START Information shown

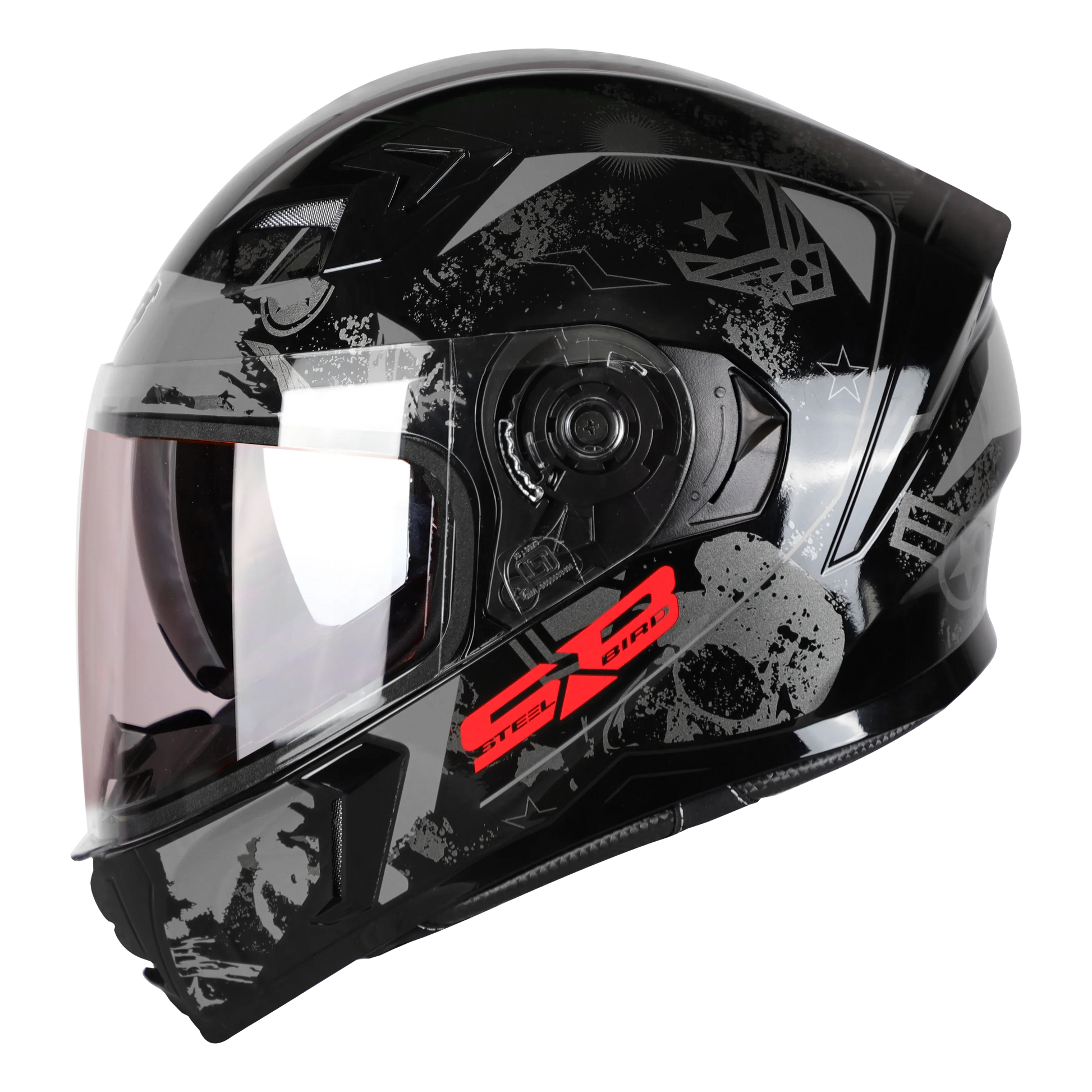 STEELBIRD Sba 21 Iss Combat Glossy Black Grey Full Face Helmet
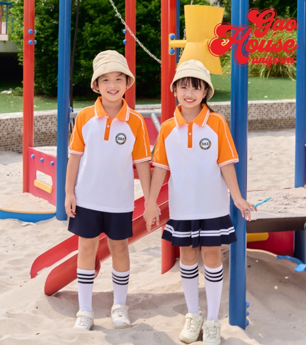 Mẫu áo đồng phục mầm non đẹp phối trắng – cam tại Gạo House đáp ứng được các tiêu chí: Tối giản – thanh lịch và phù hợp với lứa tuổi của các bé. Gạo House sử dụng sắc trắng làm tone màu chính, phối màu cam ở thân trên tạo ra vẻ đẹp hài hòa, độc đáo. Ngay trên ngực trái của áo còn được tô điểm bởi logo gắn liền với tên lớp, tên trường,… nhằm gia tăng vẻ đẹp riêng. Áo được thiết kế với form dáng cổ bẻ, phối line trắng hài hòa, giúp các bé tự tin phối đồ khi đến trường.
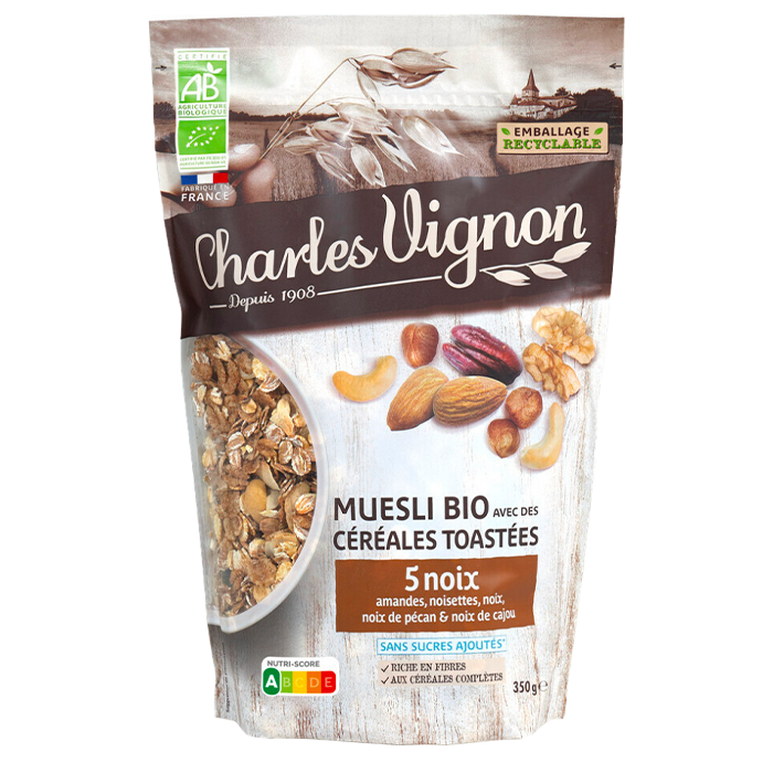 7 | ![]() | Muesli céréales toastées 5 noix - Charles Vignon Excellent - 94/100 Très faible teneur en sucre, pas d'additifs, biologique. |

END Information shown

What the task requires: The expected output is the material above, repeated exactly and free of pictures.

Task result:
 STEELBIRD Sba 21 Iss Combat Glossy Black Grey Full Face Helmet
 Mẫu áo đồng phục mầm non đẹp phối trắng – cam tại Gạo House đáp ứng được các tiêu chí: Tối giản – thanh lịch và phù hợp với lứa tuổi của các bé. Gạo House sử dụng sắc trắng làm tone màu chính, phối màu cam ở thân trên tạo ra vẻ đẹp hài hòa, độc đáo. Ngay trên ngực trái của áo còn được tô điểm bởi logo gắn liền với tên lớp, tên trường,… nhằm gia tăng vẻ đẹp riêng. Áo được thiết kế với form dáng cổ bẻ, phối line trắng hài hòa, giúp các bé tự tin phối đồ khi đến trường.
 7 | ![]() | Muesli céréales toastées 5 noix - Charles Vignon Excellent - 94/100 Très faible teneur en sucre, pas d'additifs, biologique. |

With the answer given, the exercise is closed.